In the middle of algebra, when Pearl was in the bathroom and no one else was looking, he opened her bookbag and pulled out the little black Moleskine notebook he had given her all those months ago. As he’d suspected, the spine hadn’t even been cracked. That evening, in the privacy of his room, he tore the pages out in handfuls, crushing them into wads and tossing them into the garbage can. When the can was heaped with crumpled paper, he dropped the leather cover—empty now, limp, like the husk stripped from an ear of corn—on top and kicked the can under his desk. She never even noticed that it was missing, and somehow this hurt him most of all.




Lexie, meanwhile, was having romantic troubles of her own. Since coming home from the clinic, she’d been understandably skittish about sleeping with Brian again, and the strain was starting to show. She’d said nothing to him about the abortion, and it sat between them like a scrim, blurring everything. Brian’s patience was increasingly wearing thin.

“What’s with you,” he grumbled one afternoon, when he’d leaned over to kiss Lexie and she had, once again, turned her face to offer her cheek instead. “You PMS-ing again?”

Lexie flushed. “You guys. You think everything’s about hormones. Hormones and periods. If men ever got periods, believe me, you’d all be in a ball on the ground from cramps.”

“Look, if you’re pissed at me, just tell me what it is you think I’ve done. I’m not a damn mind reader, Lex. I’m not going to apologize at random.”

“Who says I wanted an apology?” Lexie looked down at her hands, as if she might find a note scribbled on her palms, like a cheat sheet to guide her through. “Who says I’m even pissed at you?”

“If you’re not pissed, why are you acting like this?”

“I just want some space, that’s all. You don’t have to be pawing me all the time.”

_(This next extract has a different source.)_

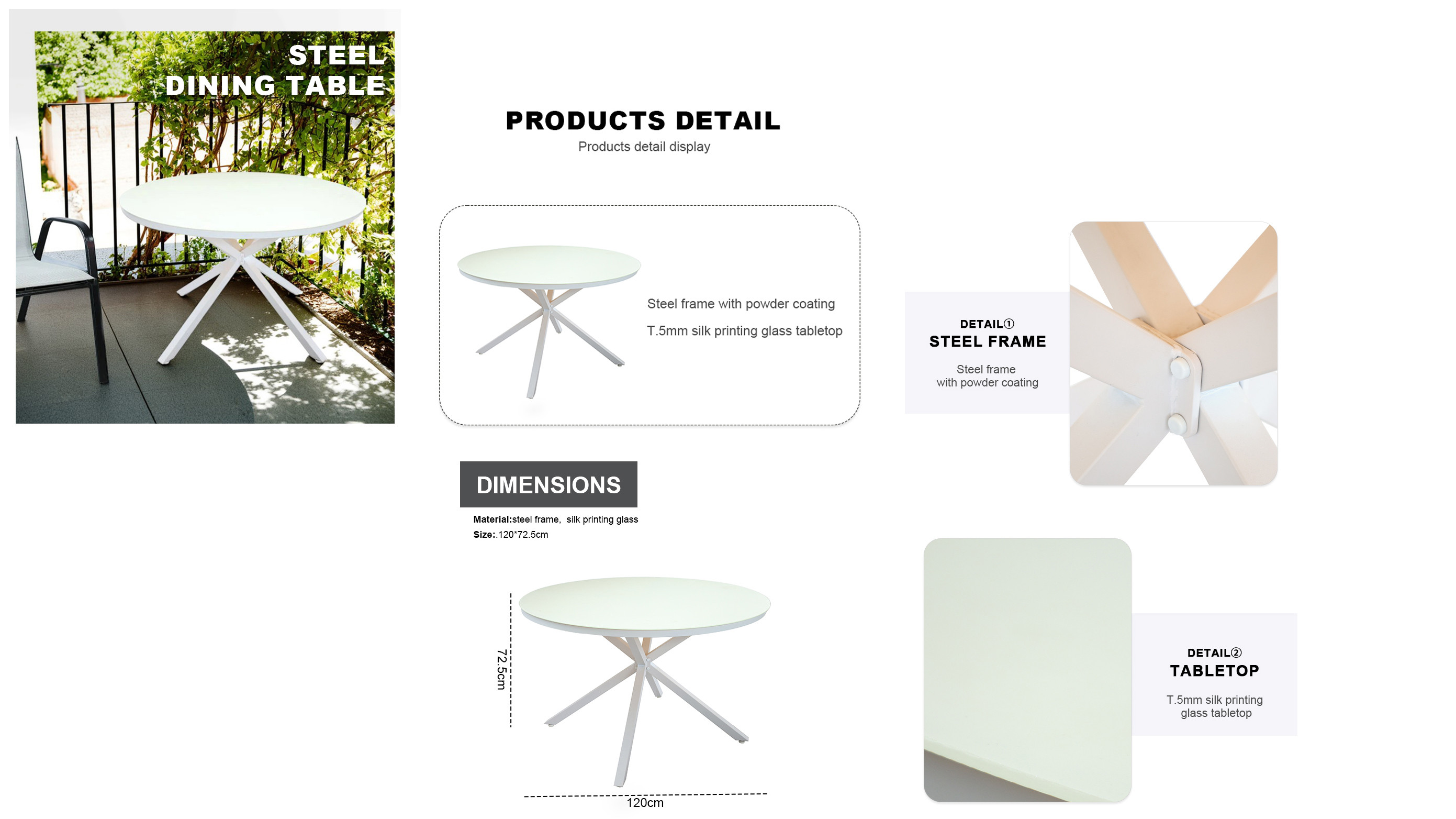 Outdoor Patio Side Table Garden Round Table with Silk Printing Glass Metal Steel Iron Dining Outdoor Table for Garden

“Space.” Brian slammed his hands against the steering wheel. “For the past month I’ve given you nothing but space. You haven’t even kissed me in like a week. How much more space do you need?”

“Maybe all of it.” The words fell out of Lexie’s mouth like stones. “I’m going off to Yale and you’re heading to Princeton—maybe it’s better this way.”

Stunned silence filled the car as Lexie and Brian both picked over what she’d said.

“That’s what you want?” Brian said at last. “Okay. We’re done, then.” He clicked the unlock button on the car door. “See you around.”